受け渡した相手が鍵を広げる前に取り上げられてしまっては、そもそも意味がない。
『ふうむ……困ったものですね』
どこか飄々としている他人事なサコンさんの思考にちょっと苦笑したけど、まぁ当然か。事実サコンさんにとっては他人事かもしれないのだし。
「しかしよくもまぁ、ここまで捜査網を広げたもんだ」
それも、わずか数日の間に。
『イダミジアを中心に近郊の小さな星間国家というと、それほど数があるわけじゃないですからね。連邦も馬鹿ではないってことでしょう』
「なるほど」
思わずうなってしまった。
私たちの囲んでいるテーブルの上には、各種のウインドウが開いてシャンカス各地の情報が写っている。そしてその何処にも、警備隊や軍らしき姿も見えている。
ふうん。
その映像をじっと見ていたんだけど。
「ねえメヌーサ」
「ん?」
「彼らってシャンカス駐留なの?ずいぶん数が多いようだけど?」
「え?……ええたぶんね。それがどうしたの?」
そうか……。
なんか在日米軍を彷彿とさせるものがあるけども。
なんかこう、映像的に気になる人たちがいるんだよね。ある意味見慣れたというか。
「あれってもしかして、反対運動とかじゃないかな?」
「え?」
ほらと、それっぽいのを指差してやった。
掲げた横断幕っぽいのやプラカードっぽいの。叫んでる人の声。
「なあに、あれ?」
あれ、メヌーサは知らないのかな?
「言葉も文字もよくわからないけど、反戦デモとかその手のやつじゃないかなぁ。銀河じゃ一般的じゃないの?」
デモについて説明すると「ああ」と納得げな顔になった。
「見たことがないとは言わないけど……そうね、メディアの発達した世界だともっと効率のいい方法があるんじゃないかしら。わざわざ練り歩くなんて……何かの様式美?」
「……」
そこまで言われると反論しづらいな。
地球のデモも百年以上の歴史があるんだっけ?
たしかに、もっとスマートな方法はないもんかって思うよね。メディアが無視しちゃったらなんの効果もない場合が多いし、対外的には交通の邪魔になるので地元民には迷惑かかるし。
実際、日本でそういう光景はよく見たよ。
仕事で東京にいたとき、よく都心でデモを見た。でもマスコミはほとんどのデモを無視するか、自分たちに都合よく美味しいとこだけ報道していた。
あれは、なんか悲しい光景だった。
もちろん、一番いいのは自分自身が政治家になって状況を変えること。民主主義というのは、それを可能にしているからこその民主主義なのだから。

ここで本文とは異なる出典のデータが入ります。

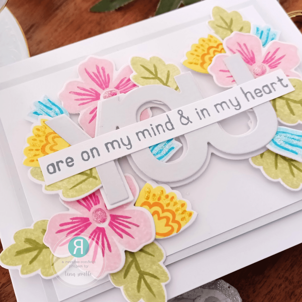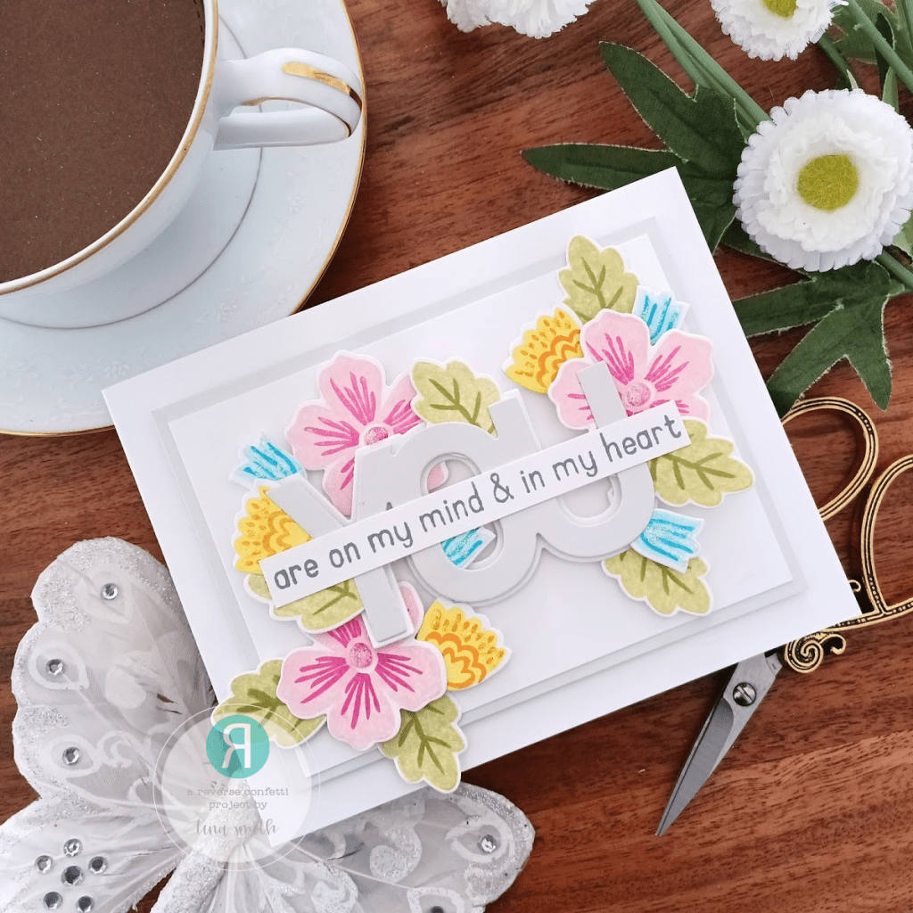 Hi there crafty friends! Today I am sharing a Spring card for Reverse Confetti. Spring is in the air and I fell in love with the Bold Blooms Stamp set! I went ahead and picked up the Coordinating Bold Blooms Confetti Cuts too:) For my sentiment I die cut the New You Confetti Cuts Die and stamped the sentiment with the You Coordinates Stamp set. I stamped the florals with my oxide inks, I just love the bright colors and created lots of layers with everything! I love how it turned out and hope you do too!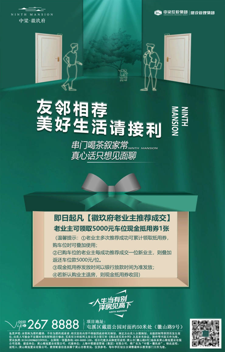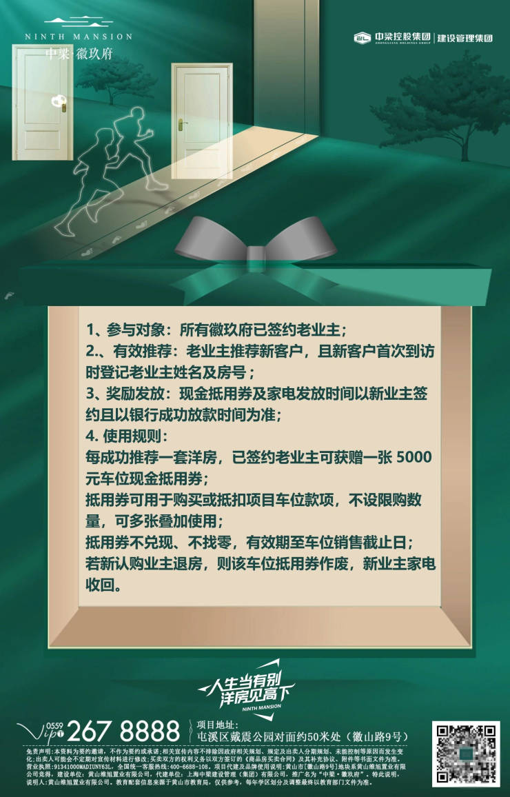 即日起凡【徽玖府老业主推荐成交】,老业主可领取5️⃣0️⃣0️⃣0️⃣元车位现金抵用券1张!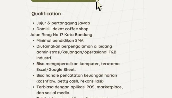 Kami mencari kandidat dengan minimal pendidikan SMA, berdomisili dekat coffee shop di Jalan Reog No 17 Kota Bandung, dan diutamakan berpengalaman di bidang administrasi/keuangan/operasional di industri F&B. Jika Anda teliti, komunikatif, dan mahir dalam handling keuangan harian, segera kirimkan resume Anda!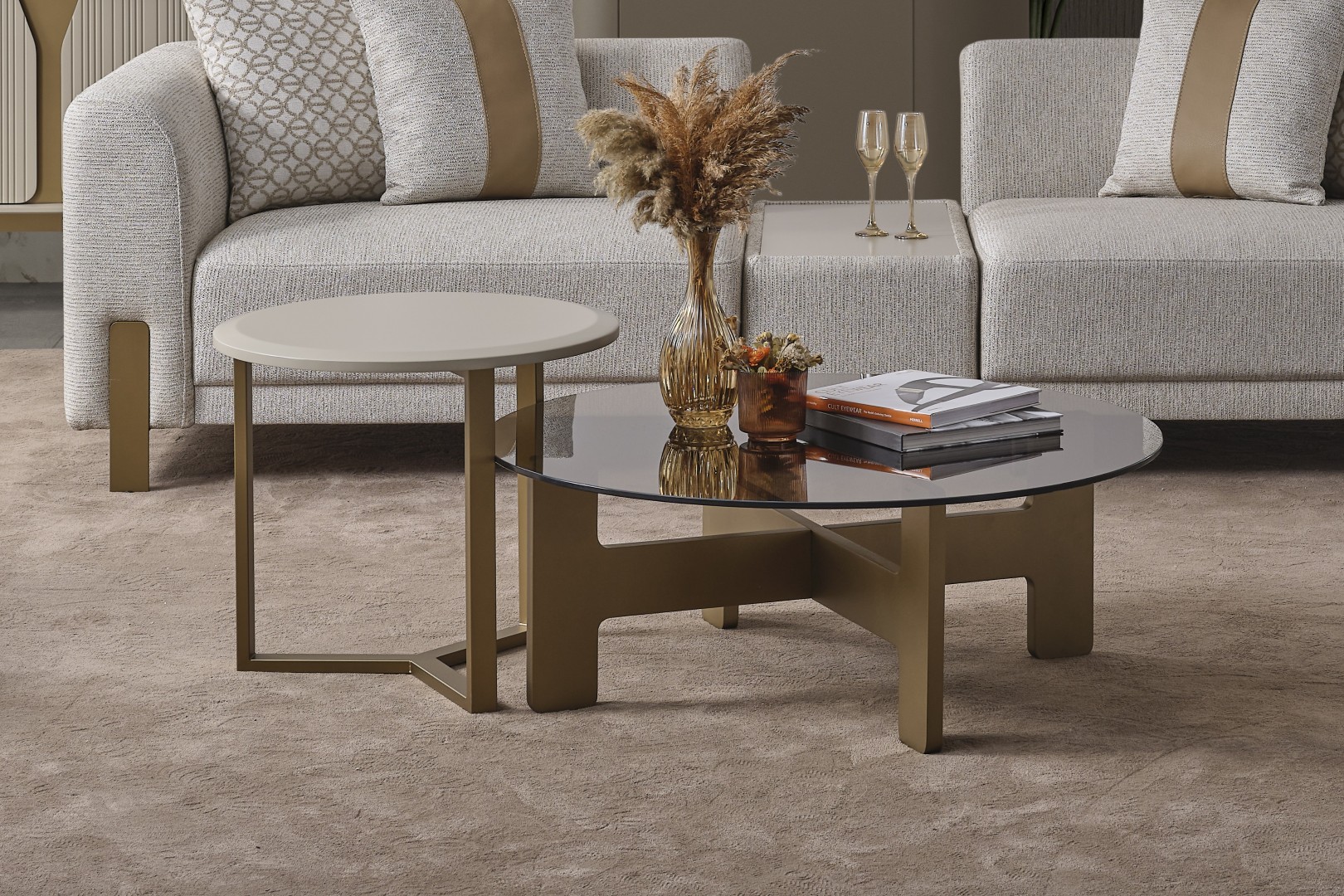 • Çok Yönlü Kullanım: İster bir arada görkemli bir orta sehpa olarak, ister ayrı ayrı yan sehpa olarak kullanarak dekorasyonunuzda özgürlüğün tadını çıkarın.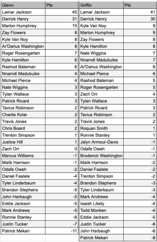 Yes, Lamar Jackson has to be on the list because of the two turnovers. Unquestionably. But we also can’t pretend that’s the entire story of his night. He played well enough to win despite them. But they were significant so this is the spot for him.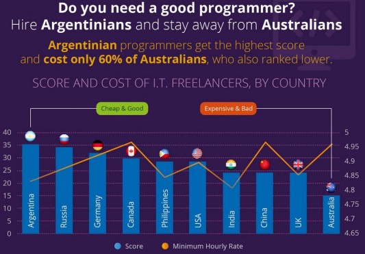 Köp designers från Tyskland och programmerare från Argentina. Undvik kanadensisk design eller webbutvecklare från Australien. De argentinska java, PHP och .NET-tjänsterna kostar även bara 60% av vad australienska utvecklare kostar. Som dessutom fick mycket sämre betyg.

だけど全ての人が政治家になれるわけじゃない。これもまた当たり前のこと。
だからこそ「代わりに」ここぞと思う人に政治を託すためのシステムが生まれた。これがつまり選挙制度ってわけだ。
でもこれって裏を返せば、民主政治の柱のように言われている選挙システムが、実は単なる代役にすぎないっていうのがわかるんだけどね。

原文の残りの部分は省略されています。